Consensus was reached this week between the Attorney General’s Department and counsel for the Golden Key management and depositors on the payment plan for refunding deposits under the proposed Trust.
“There was general agreement over all issues but a final decision will be taken next Wednesday,” a source at the AG’s Department said. The Trust will coordinate the recovery and repayments to depositors of the failed Golden Key Credit Card Co. Under the plan tentatively agreed by all parties, it is proposed to transfer all the assets to the trustees to be sold to raise funds to pay the depositors. The Trust is outside the control of the Ceylinco Group.
At the meeting on March 19, the Golden Key management submitted details of Rs. 14 billion worth of assets that could be disposed for the Trust while its counsel also expressed willingness to pay interest for depositors at the current Central Bank interest rates for the (security) deposits. The general consensus of the meeting was that there should be no reduction in the interest or the rebate paid to depositors when refunding their deposits.
Counsel for depositors and Golden key management have agreed in principle to proposals of the repayment plan but no final decision was taken on this matter at the meeting held at the AG’s Department, the source said. Discussions were centered on the payment plan and the modalities.
Another meeting will be convened next Wednesday – a day before the court case on March 26 - to reach a final decision on the whole issue. Golden Key, part of the Ceylinco Group, collapsed late last year after depositors found the company was delaying interest payments and not returning deposits totalling up to Rs. 26 billion.
Meanwhile according to the judgment of the Mount Lavinia Chief Magistrate Harsha Setunga, issued on the last day of the case (March 11), directors of the company are prevented from the sale and transfer of the assets of Golden Key Credit Card Company and its subsidiaries and their personnel assets in these companies. The ruling however doesn’t bar these directors from disposing their assets outside the Golden Key Group or any Ceylinco company outside the court ruling.
The following are the GK subsidiaries mentioned in the court order: Ceylinco Internet Services Ltd, Ceylinco Hospital Services, Golden Key Real Estate Agencies, Golden Key Credit Card, Asia 400 (Private), Ceylinco Midigama Fruit Farms, Golden Key Company, Electronic Pvt, Lanka Ceycom Technologies, C.K. Card Technologies, Ceylinco Networking Technologies, Ceycom Global Communications, Golden Key Communications Pvt, Golden Key Trading Company, Ceylinco Hospitals, Golden Key Solutions, Ceylinco Micro Technologies, Ceylek, Golden Key Travels Pvt, C.N.C International, Key Research & Information, Golden Key International Trading Company, Golden Key Institute of Computer Technologies, Golden Key Institute of Information Technology, Key Patents, Golden Key Eye Hospital, Ceylinco Midigama Trading Company, Golden Key Agrochem Company, London Technologies, Ceylinco Siranjan Investments Pvt, Ceylon Services & Supplies Company, Golden Key Consumer Durables, Golden Key Motor Company, Golden Key Designer Homes, Golden Key Computer Products, Ceylinco Consumers Electronics, Impression Creative Solutions, Golden Key Minerals, Golden Key Holdings, Golden Key Tea Products Sales, Golden Key Tea Factory, Golden Key Call Centre and Golden Key NTC Company.
Meanwhile a DFCC Bank board decision to auction Golden Key properties may however have to be put on hold.
The Bank earlier this week placed a public notice saying some land and property belonging to the Golden Key hospital would be sold by public auction to recover monies due to the Bank.

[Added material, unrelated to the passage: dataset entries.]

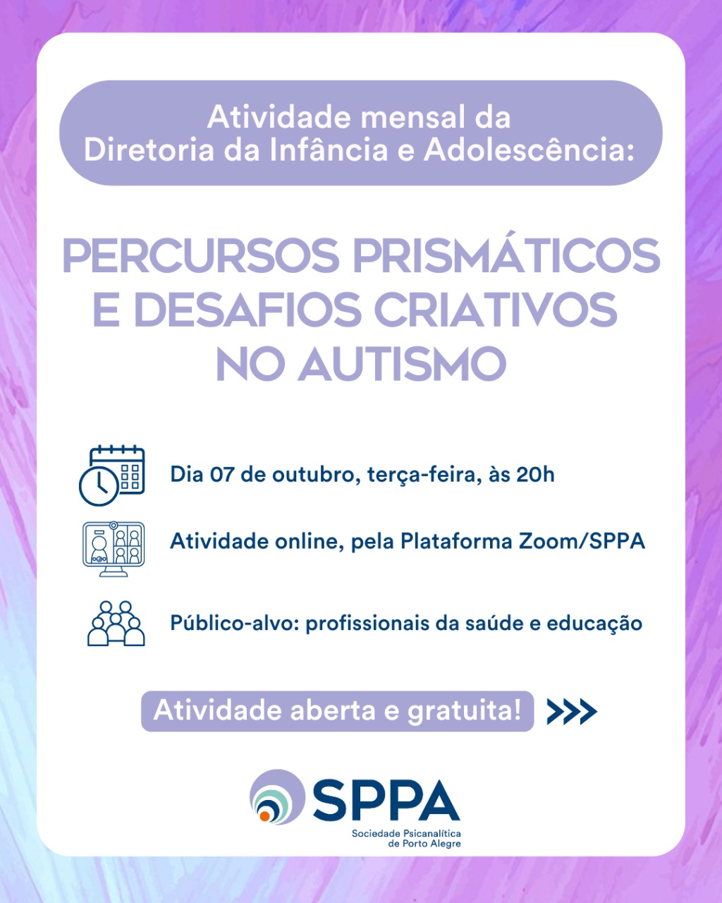 Convidamos para a Atividade Mensal da Diretoria da Infância e Adolescência: “Percursos prismáticos e desafios criativos no autismo”, dia 07 de outubro, às 20h, pela Plataforma Zoom/SPPA.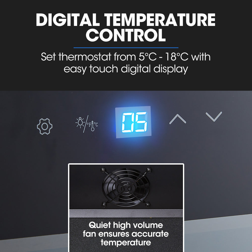 The PolyCool Noir Plus 95L/34 Bottle Wine Chiller Fridge has everything you need to enjoy refreshing and chilled wine anytime. This wine cooler has the latest direct compressor technology to keep the temperature perfect for your favourite vintage. The generous 95L capacity means you'll have more than enough room to store your best vintages. It has sliding shelves to make sure your favourite varietals are handy. The shelves are also removable so you can chill large format bottles. The PolyCool Noir Plus makes sure you are ready for any special occasion,big or small or your regular “Wine O’clock”.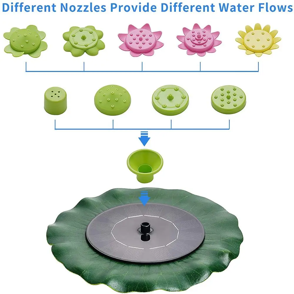 1W Napenergia -Szökőkút Szivattyú Lótusz Levél Burkolás Úszó Víz Szökőkút Fúvókák Madárfürdő -Tó Medence Hal Tál Akvárium Kert Dekoráció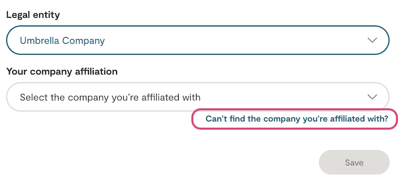 To appear in the drop-down menu, all umbrella company must provide all the KYC information and documents related to your legal structure and keep them updated.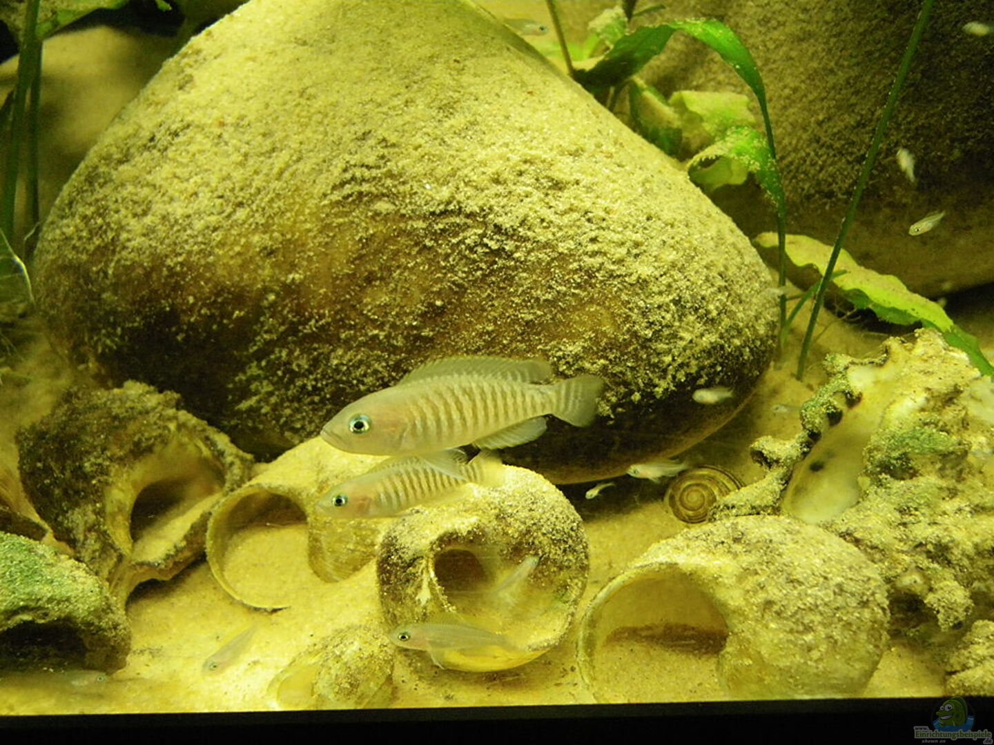 Drei Schneckenbuntbarsche sind seit 2 Wochen eingezogen und freuen sich bester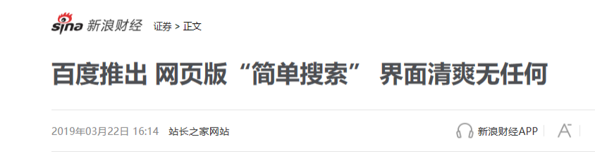 据悉,2017年7月,百度公司开发并上线了一款搜索APP——简单搜索,其以简洁清爽的视觉体验,高效简单的操作交互,以及依靠语音搜索、图像识别、语音直达、多轮对话、语音播报等多种新一代搜索功能吸引了大量用户,且展示的内容完全没有广告。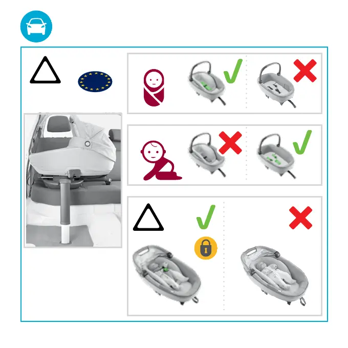 BEBE CONFORT Jade - Child Size and Usage Guidelines; Usage for Children < 60 cm; Usage for Children 60-70 cm

In a newspaper advertisement, the Bank said the hospital owes DFCC Rs 103 million as loan repayments and another Rs 97 million as interest recovery.
In another DFCC board resolution, the Bank said it was putting up for public auction some land and property owned by Ceylinco Bio-Tech Ltd as the company owes the Bank a total of over Rs 17 million including interest.

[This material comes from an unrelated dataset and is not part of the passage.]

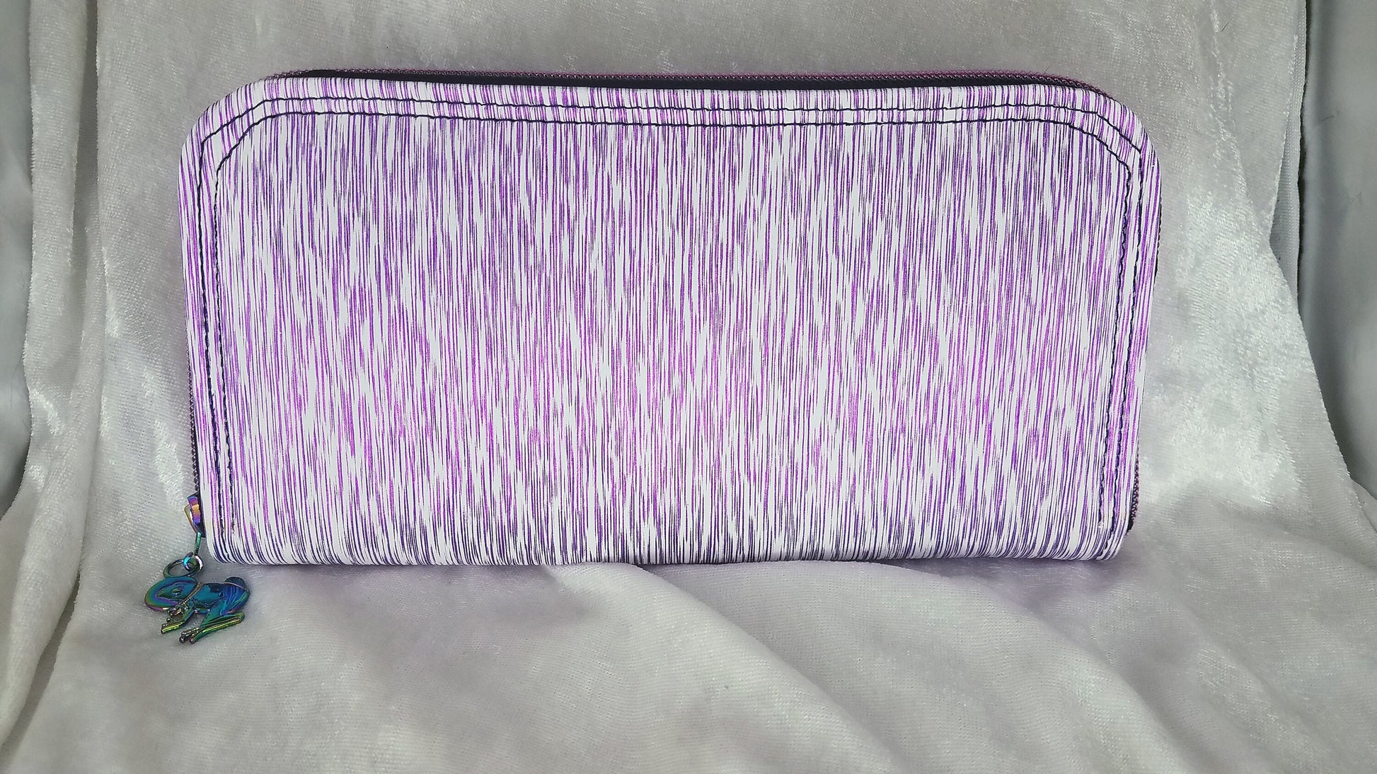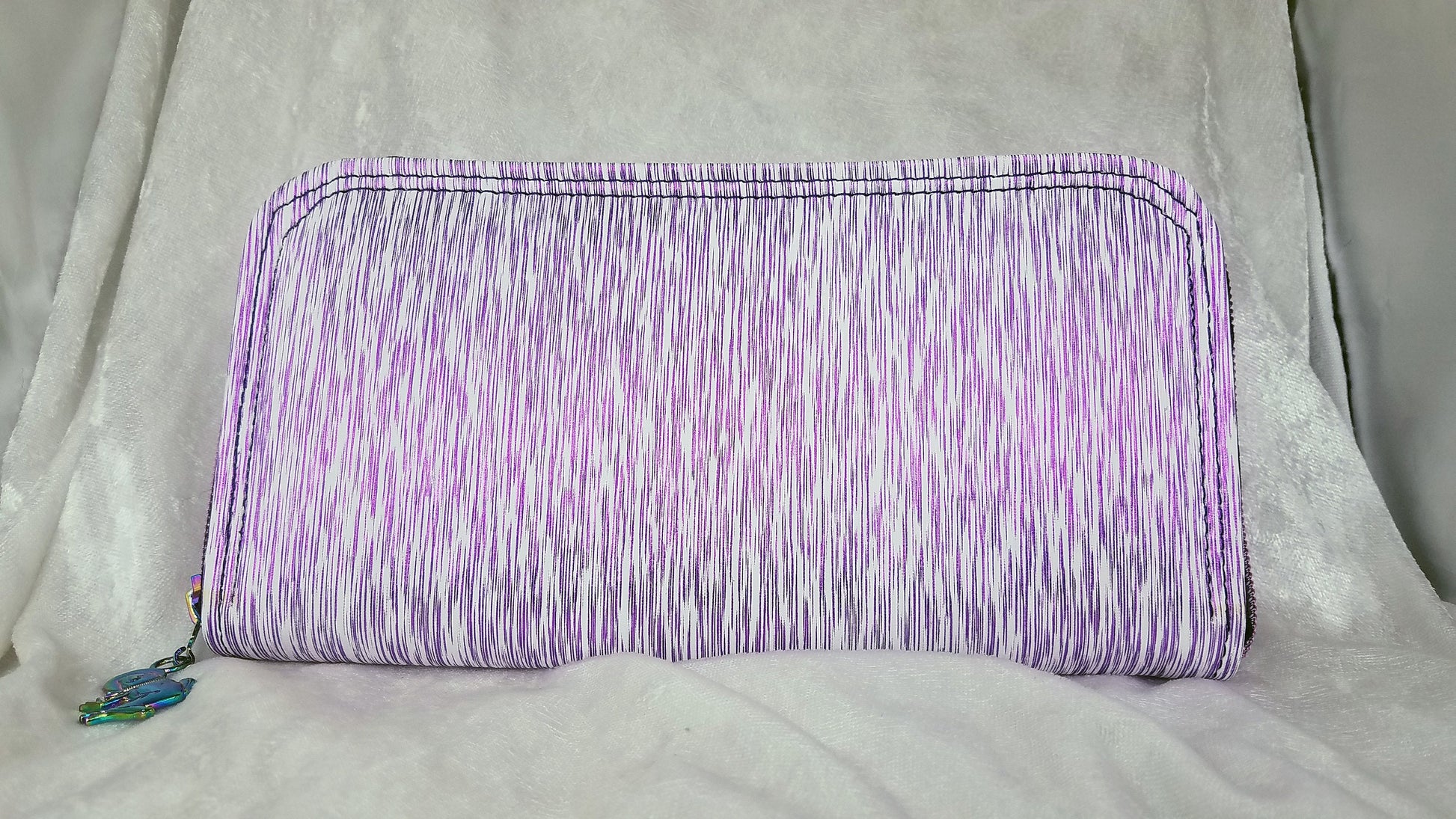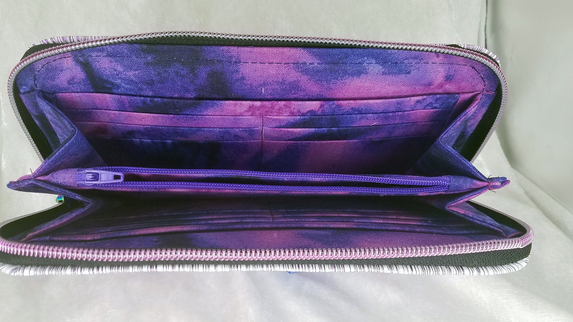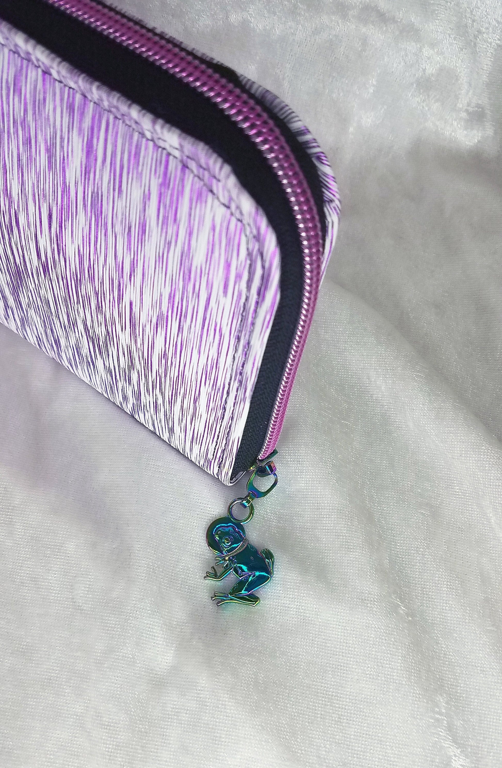 Listing is for purple tie dye space frog zip around wallet. The zipper pull is a double-sided space frog pull in Iridescent Rainbow.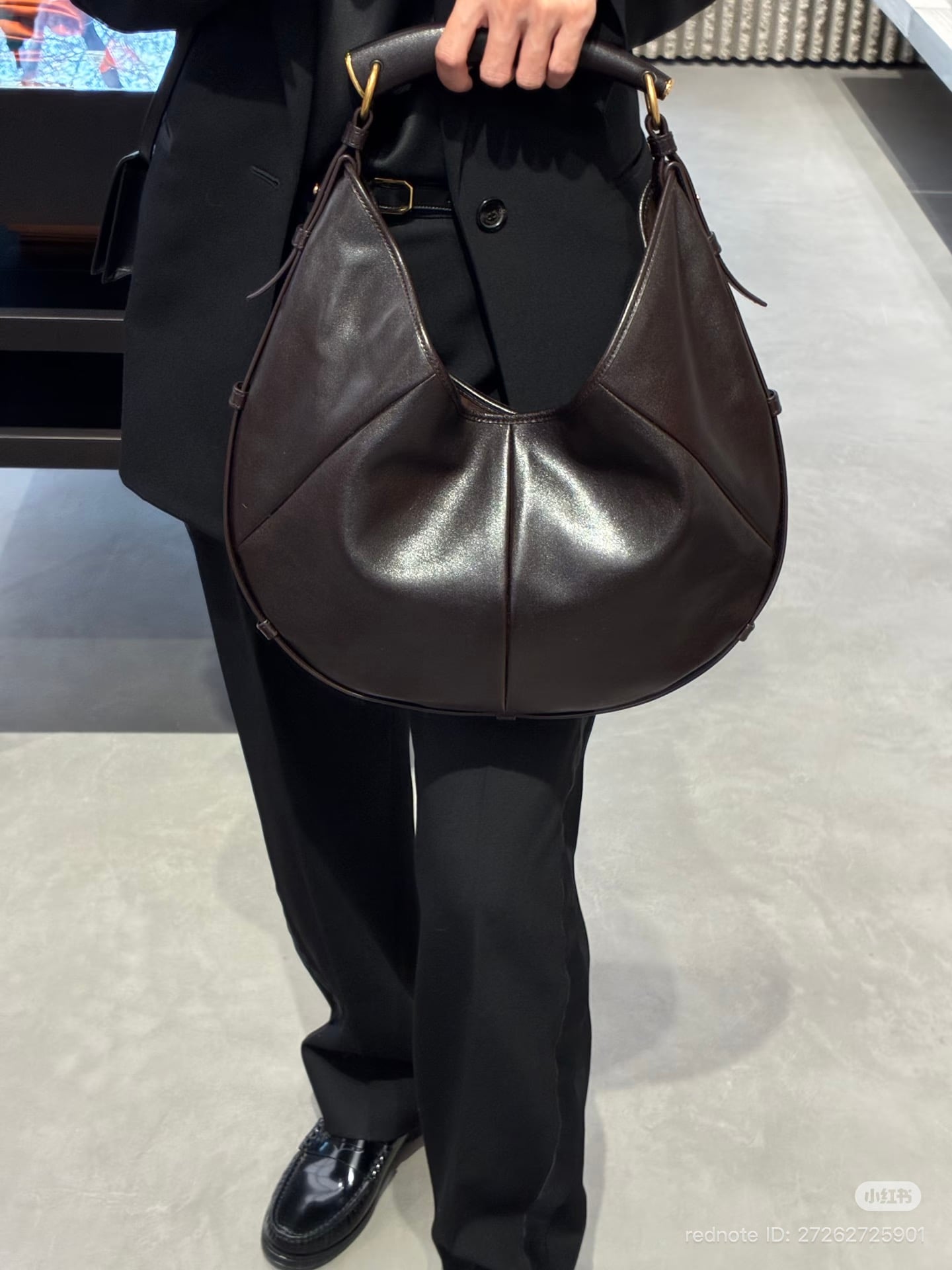 The Mombasa is offered in three sizes: small, medium, and large. The small measures 6 × 10.5 × 1.5 inches and features a single main compartment, ideal for carrying essentials. The medium, at 9.5 × 15 × 17.5 inches, includes a zip pocket for a compact, organized interior. The large, measuring 12 × 18.5 × 22 in, provides a roomier interior with a zippered pocket. All three sizes retain the Mombasa’s signature slouchy crescent silhouette and sculptural presence.

On Friday, Fitch Ratings downgraded The Finance Company PLC (TFC) saying it reflects the liquidity stresses faced by TFC due to adverse public perception on the Ceylinco Group.
It said these perceptions are tied to the liquidity problems faced by, and subsequent collapse of, the Golden Key Credit Card Company.

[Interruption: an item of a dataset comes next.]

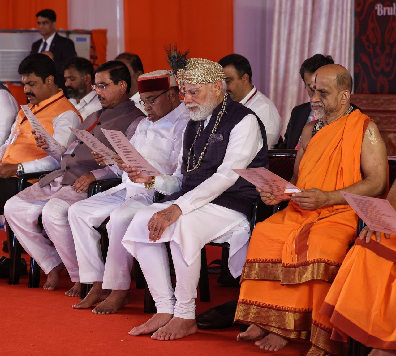 ಉಡುಪಿ: ಲಕ್ಷ ಕಂಠ ಗೀತೆ ಪಾರಾಯಣದಲ್ಲಿ ಭಾಗವಹಿಸಿದ ಪ್ರಧಾನಿ ನರೇಂದ್ರ ಮೋದಿ ಅವರು ಗೀತೆಯ 15ನೇ, ಊರ್ಧ್ವ-ಮೂಲಮಧಃ-ಶಾಖ ಅಶ್ವತ್ಥಂ ಎಂದು ಪ್ರಾರಂಭವಾಗುವ ಪುರುಷೋತ್ತಮಯೋಗ ಅಧ್ಯಾಯದ ಶ್ಲೋಕಗಳನ್ನು ಪಠಿಸಿದರು, ಈ ಸಂದರ್ಭದಲ್ಲಿ ಅವರೊಂದಿಗೆ ಈ ಶ್ಲೋಕಗಳನ್ನು ಪಠಿಸುತ್ತಿದ್ದ ಭಕ್ತರ ಧ್ವನಿ ತಾರಕಕ್ಕೇರಿತ್ತು.ಚಂದ್ರಚೂಡ ಶಿವಶಂಕರ...:ಎಲ್ಲರಿಗೂ ನಮಸ್ಕಾರಗಳು ಎಂದು ಭಾಷಣ ಆರಂಭಿಸಿದ ಮೋದಿ, ನಡುವೆ ಗೀತೆಯ ಅನೇಕ ಶ್ಲೋಕಗಳನ್ನು ಉದ್ಧರಿಸಿದರು. ಉಡುಪಿಗೂ ದಾಸರಿಗೂ ಇರುವ ಸಂಬಂಧವನ್ನು ವಿವರಿಸುತ್ತಾ, ಸಾಮಾಜಿಕ ಜಾಲತಾಣಗಳಲ್ಲಿ ಪುರಂದರ ದಾಸರ ‘ಚಂದ್ರಚೂಡ ಶಿವಶಂಕರ ಪಾರ್ವತಿ...’ ಎಂಬ ಹಾಡು ಯುವಜನತೆಯಲ್ಲಿ ಭಕ್ತಿಭಾವಕ್ಕೆ ಕಾರಣವಾಗಿದೆ ಎಂದರು. ಕನಕದಾಸನ ಕಿಂಡಿಯಲ್ಲಿ ಕೃಷ್ಣನನ್ನು ನೋಡಿದಾಗ ವಿಶೇಷವಾದ ಭಕ್ತಿಯ ಅನುಭೂತಿ ತನಗಾಯಿತು ಎಂದರು.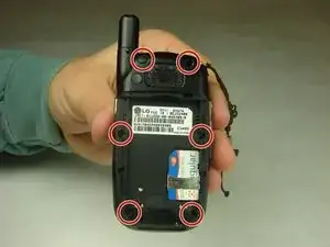 Открутите шесть 3-мм винтов плоской крестообразной головки №000 с задней панели телефона с помощью крестовой отвёртки №000.

Fitch downgraded TFCs National Long-term rating to 'BB+(lka)' from 'BBB(lka)', and its subordinated debentures to 'BB-(lka)' (BB minus(lka)) from 'BBB-(lka)' (BBB minus(lka)). The ratings have been placed on Rating Watch Negative and could be downgraded further or affirmed. TFC has an asset based of Rs.42 billion as at December 2008 and a network of 46 branches.
Fitch said TFC's profitability has also worsened as lending was constrained due to liquidity considerations, while asset quality remained challenged due to current macroeconomic conditions. Prior to this rating action, Fitch on 4 December 2008 revised TFC's Outlook to Negative from Stable to reflect the company's deteriorating profitability due to increased funding costs and the lack of a commensurate increase in real-estate related income.